**DATA SEGMENT:**
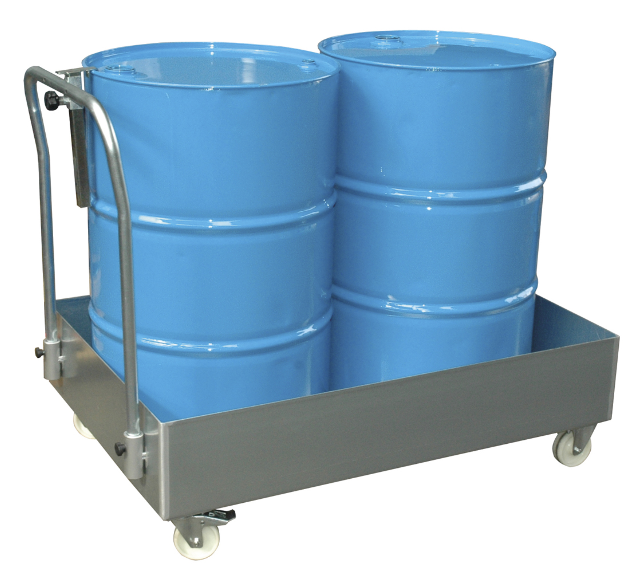 Speziell konzipiert für den innerbetrieblichen Transport von 200 Ltr.-Fässern. Leicht fahrbar durch 2 Lenkrollen und Schiebebügel mit Fassarretierung
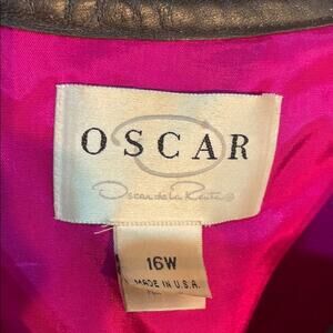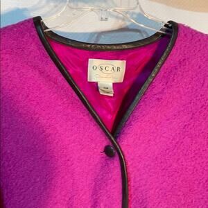 Oscar De La Renta 16w generous hot pink mohair jacket euc pockets leather trim
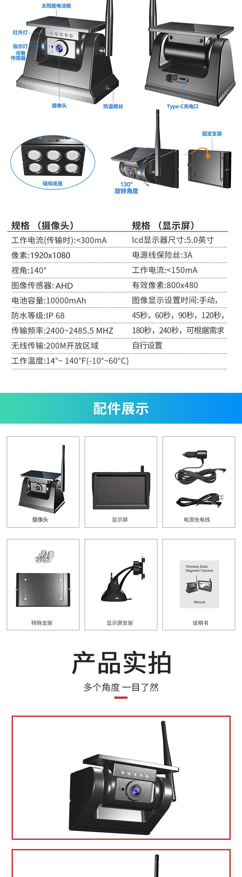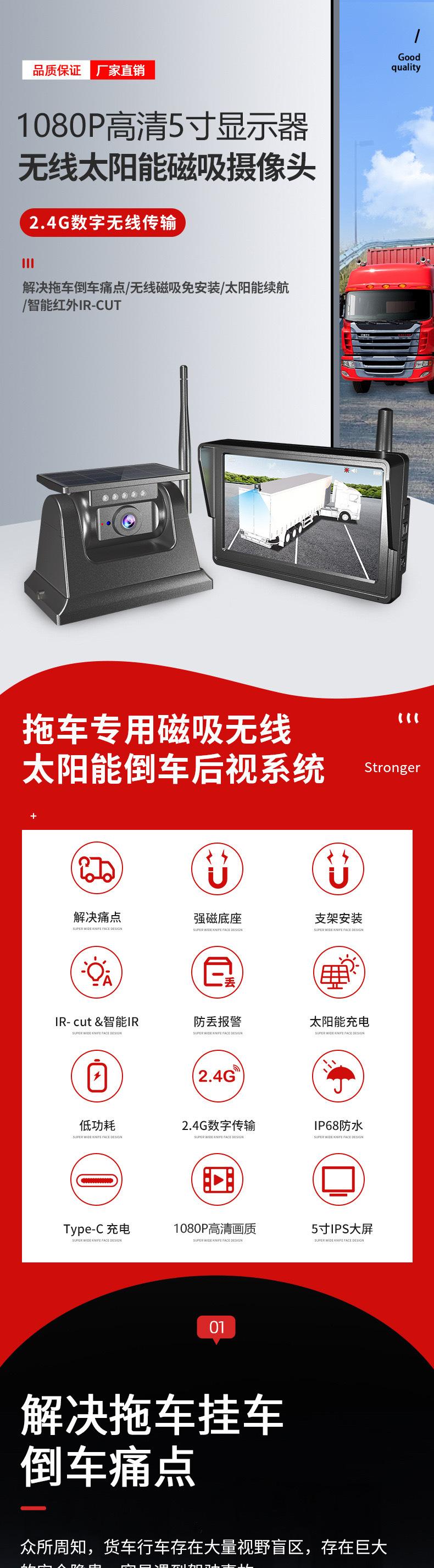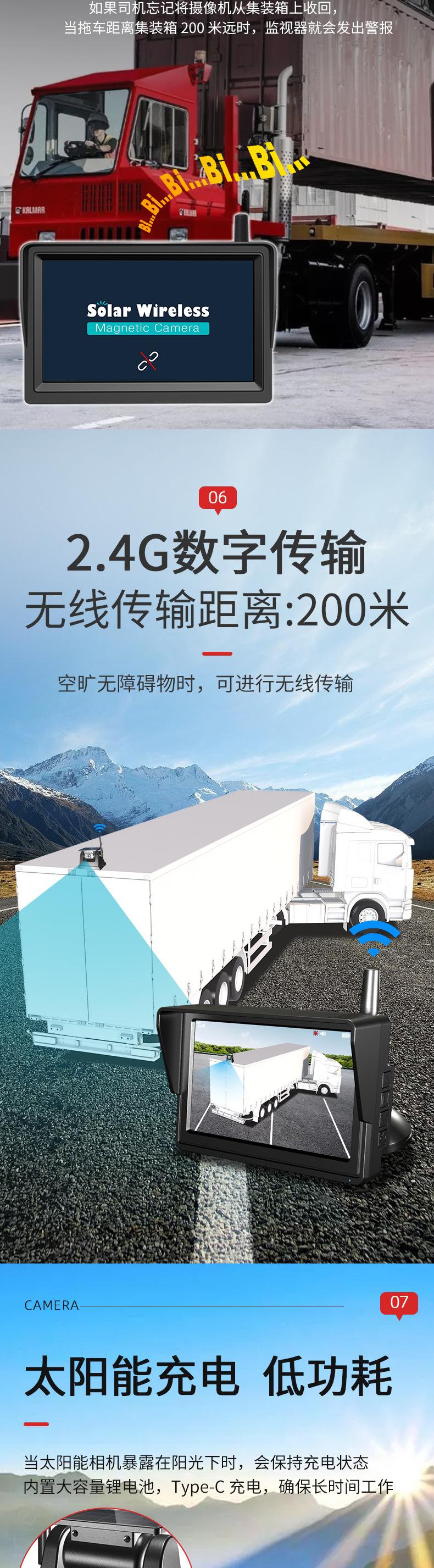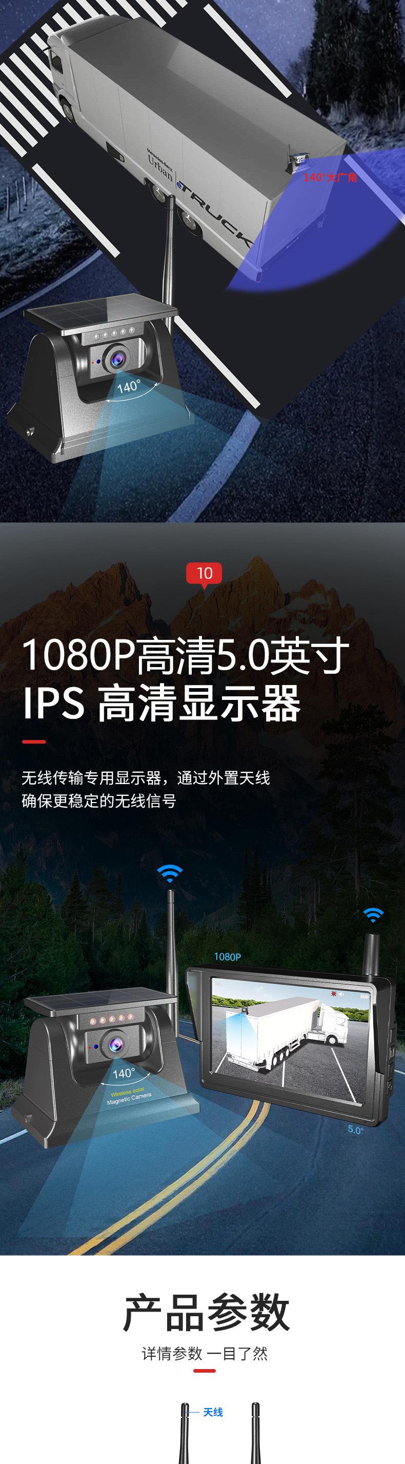 Soporte Magnético Cámara Solar Carga de Batería Digital Camión Inalámbrico Pantalla de 5 pulgadas Cámara de Reversa Vista Trasera

**ACTIVITY:** With the images omitted, return the full material exactly.

**ANSWER BOX:**
 Speziell konzipiert für den innerbetrieblichen Transport von 200 Ltr.-Fässern. Leicht fahrbar durch 2 Lenkrollen und Schiebebügel mit Fassarretierung
 Oscar De La Renta 16w generous hot pink mohair jacket euc pockets leather trim
 Soporte Magnético Cámara Solar Carga de Batería Digital Camión Inalámbrico Pantalla de 5 pulgadas Cámara de Reversa Vista Trasera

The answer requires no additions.